Ja, er erinnerte sich. Er hatte sich die Pein ersparen wollen, immer wieder an den Eiertanz seiner Gefühle zurückdenken zu müssen, und er hatte seine Entscheidung nicht mehr in Frage stellen wollen.

»Ja, ich weiß. Ich hatte meine Gründe!«

»Eben. Ich meine, es war klar, dass ihr euch früher oder später treffen würdet …«

»Charles, allein im Kern dieser Stadt leben über drei Millionen Menschen, da ist das mehr als unwahrscheinlich.«

»Ach, Darce«, Charles seufzte hörbar auf, »die höhere Mathematik in allen Ehren, aber wenn wir beide eines wissen, dann das: Die Medienwelt ist ein Dorf.«

»Hm«, brummte er nur. Diese Erkenntnis war leider nicht neu und kaum zu leugnen.

»Kopf hoch – selbst wenn ihr euch bei der Arbeit nicht mehr seht, bei unserer Hochzeit seht ihr euch auf jeden Fall.« Charles’ Grinsen war selbst durch den Hörer noch zu spüren.

»Wenn ich es zeitlich schaffe …«

»Will, das ist nicht dein Ernst.«

»Ich habe ziemlich viel zu tun, die PMA bedarf einer grundlegenden Überholung, und ich wollte Georgie auch noch besuchen …«

»Will Darcy, jetzt pass mal gut auf.

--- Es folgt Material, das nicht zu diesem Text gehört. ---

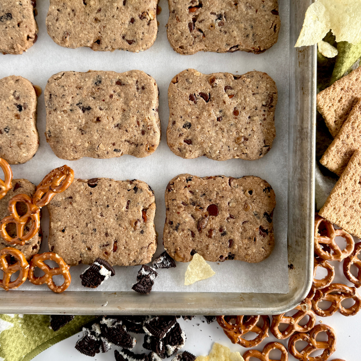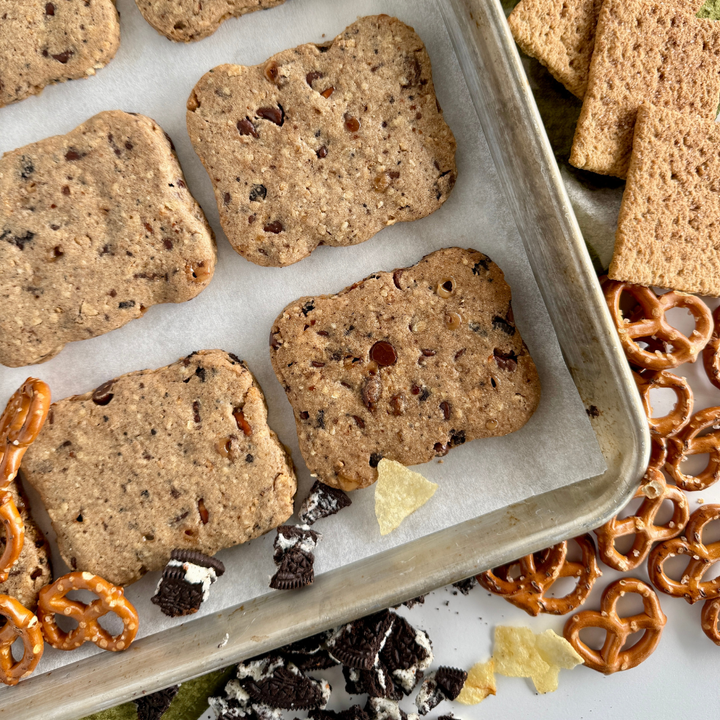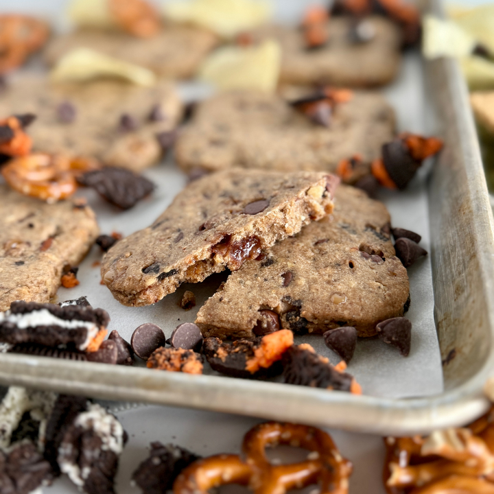 We start with my trusty brown sugar-laced dough that bakes up soft and chewy inside, with just the right amount of structure to hold all the fun. Then comes the best part: a tumble of treasures mixed right in. Think melty chocolate, graham cracker bits, toasty pretzels, buttery toffee, and even potato chips for that salty snap.

Du bist mein bester Freund. Und ich werde heiraten. Und auch, wenn du aus diversen Gründen, die ich zwar nicht alle verstehe, aber ausnahmslos alle respektiere, nicht Trauzeuge sein willst, möchte ich trotzdem, dass du dabei bist! Ich möchte, dass du da bist, wenn ich mich mit meinem Schwiegervater duellieren muss, weil ich einer Tochter beim Hochzeitswalzer versehentlich auf die Füße gestiegen bin; ich möchte, dass du da bist, wenn mich meine Schwestern verbal in die Zange nehmen, weil ich so eine … einzigartige Schwiegermutter habe; ich möchte, dass du mir Deckung gibst, wenn ich vor meinen beiden jüngsten Schwägerinnen fliehen muss. Kurz: Ich erwarte von dir, dass du mich nicht im Stich lässt! Bleib meinetwegen das ganze restliche Jahr in Philadelphia oder verbarrikadier dich in der PMA, mir völlig egal – aber an diesem einen verdammten Tag, an meinem Hochzeitstag, wirst du da sein! Hast du mich verstanden?«

»Klar und deutlich.« Darcy schloss die Augen. Derart in Rage erlebte man Charles Bingley nur selten. Es war ihm ernst, sehr ernst, und er konnte es ihm nicht verdenken.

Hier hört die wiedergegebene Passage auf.